For binomial and Poisson families use family=quasibinomial() and family=quasipoisson() to avoid a warning about non-integer numbers of successes. The ‘quasi’ versions of the family objects give the same point estimates and standard errors and do not give the warning.
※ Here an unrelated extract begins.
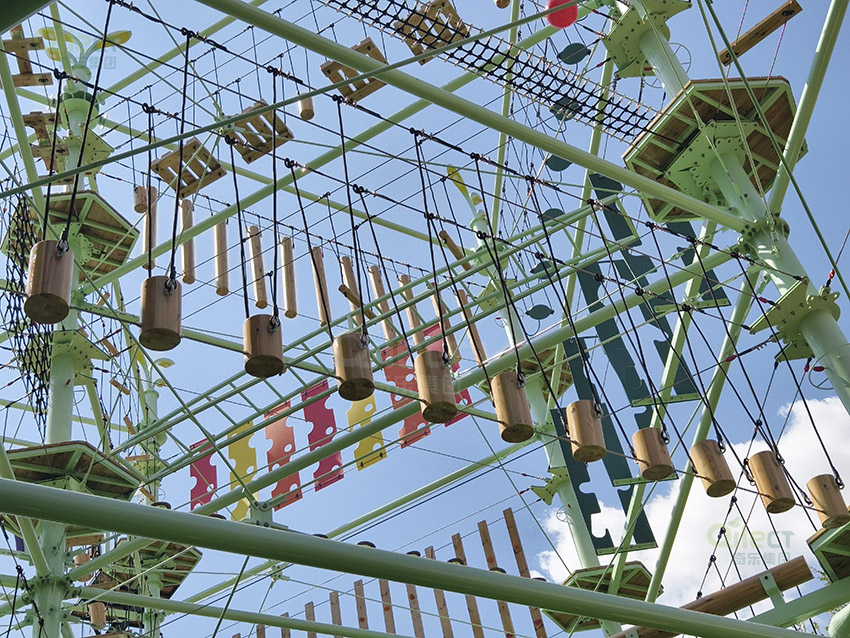 攀爬系统:内部集成垂直爬网、螺旋爬网、绳梯、轮胎攀爬、挑战性障碍等多种攀爬方式
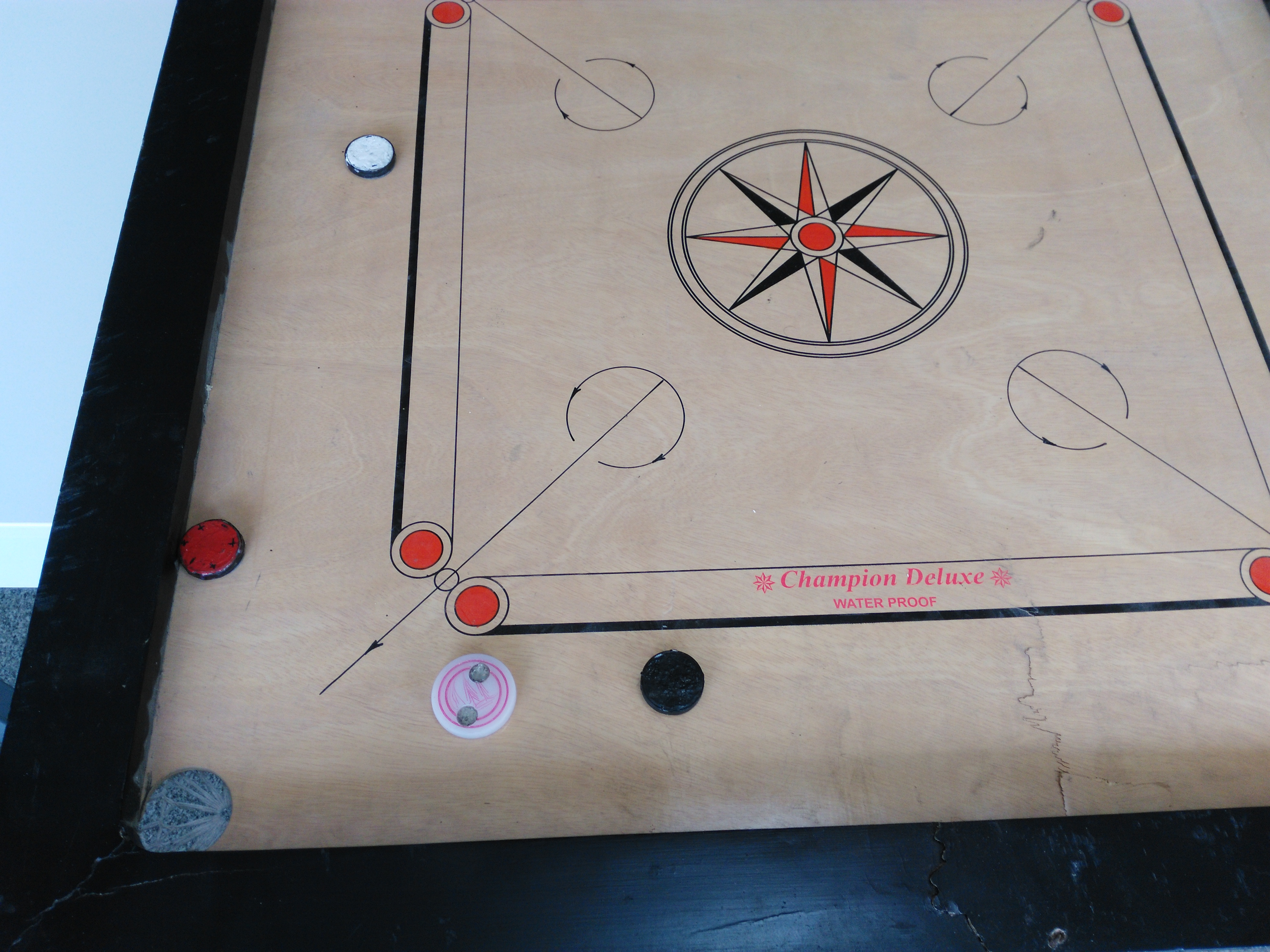 1) Hit the 3-piece collection with the striker hard, and separate all the coins, and play like normal carom. But then, unless the white player is very lucky, and pockets either the Rani, or white, the turn is lost. Black has an advantage, since now the coins are separated, and normal carom can be played.

predict gives fitted values and sampling variability for specific new values of covariates. When newdata are the population mean it gives the regression estimator of the mean, and when newdata are the population totals and total is specified it gives the regression estimator of the population total. Regression estimators of mean and total can also be obtained with calibrate.

Value

The output is a list of values used for estimation, inference and visualization. Main output include:

survey.design	The survey design used in the model.
etahat	Estimated shape-constrained domain systematic component.
etahatu	Estimated unconstrained domain systematic component.
muhat	Estimated shape-constrained domain means.
muhatu	Estimated unconstrained domain means.
lwr	Approximate lower confidence band or surface for the shape-constrained domain mean estimate.
upp	Approximate upper confidence band or surface for the shape-constrained domain mean estimate.
lwru	Approximate lower confidence band or surface for the unconstrained domain mean estimate.
uppu	Approximate upper confidence band or surface for the unconstrained domain mean estimate.
amat	The $k \times M$ constraint matrix imposing shape constraints in each dimension, where $M$ is the total number of domains.
grid	A $M \times p$ grid, where $p$ is the total number of predictors or dimensions.
nd	A vector of sample sizes in all domains.
Ds	A vector of the number of domains in each dimension.
acov	Constrained mixture covariance estimate of domain means.
cov.un	Unconstrained covariance estimate of domain means.
CIC	The cone information criterion proposed in Meyer(2013a). It uses the "null expected degrees of freedom" as a measure of the complexity of the model. See Meyer(2013a) for further details of cic.
CIC.un	The cone information criterion for the unconstrained estimator.
zeros_ps	Index of empty domain(s).
nd	Sample size of each domain.
pval	p-value of the one-sided test.
family	The family parameter defined in a csvy formula.
df.residual	The observed degree of freedom for the residuals of a csvy fit.
df.null	The degree of freedom for the null model of a csvy fit.
domain	Index of each domain in the data set contained in the survey.design object.
null.deviance	The deviance for the null model of a csvy fit.
deviance	The residual deviance of a csvy fit.

Author(s)

Xiyue Liao

References

Xu, X. and Meyer, M. C. (2021) One-sided testing of population domain means in surveys.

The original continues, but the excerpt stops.